Monday, 3 June 2019


Aswad (1976)

I A Rebel Soul/Can't Stand The Pressure/Ethiopian Rhapsody/Natural Progression/Back To Africa/Red Up/Ire Woman/Concrete Slaveship         

Aswad’s debut album, from 1976, saw them in their initial incarnation as a roots reggae band. In later years they exploited soul and pop influences to achieve a modicum of chart success. Here they are very much in a roots mould, similar to sort of material put out by Bob Marley on Rastaman Vibration - rootsy but with an ear for a tune and a use of lilting, melodic guitars as opposed to a bassy, dub-heavy sound.

The songs 

I A Rebel Soul is an upbeat, catchy opener, with Brinsley Forde’s emotive, throaty voice on good form and some very Marley-esque skanking guitar backing. Rather like The Gladiators, early Aswad blended a Rasta devotion with the recording of some attractive, appealing material.

Can't Stand The Pressure is in the same groove - sumptuous rhythm, harmonious vocals, that rimshot drum bit on the backbeat that The Wailers used such a lot. A quirky organ break in the middle too.
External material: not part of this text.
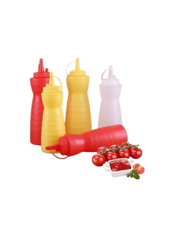 Generic - زجاجات كاتشب وخردل بلاستيكية قابلة لاعادة الملء، عبوتان، احمر واصفر، لمستلزمات المطبخ والمطاعم وشاحنات الطعام

Ethiopian Rhapsody is a laid-back instrumental of the highest quality. The instrumentation, sound quality and execution on this album is excellent for a debut outing.
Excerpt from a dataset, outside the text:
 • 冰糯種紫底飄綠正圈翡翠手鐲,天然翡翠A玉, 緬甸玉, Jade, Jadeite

Natural Progression is an insistent, militant mid-paced number with some blues harmonica lending a real atmosphere to it. Once again, the guitar work is outstanding - used in the way that both Marley and Peter Tosh enhanced their recordings. 

Back To Africa is a laid-back Third World-esque summery vibe with more conscious lyrics.

Red Up is another captivating instrumental, with keyboard and guitar solos. This was not speaker-shaking dub booms and little else. There was some musical showing off being done here. Impressive stuff.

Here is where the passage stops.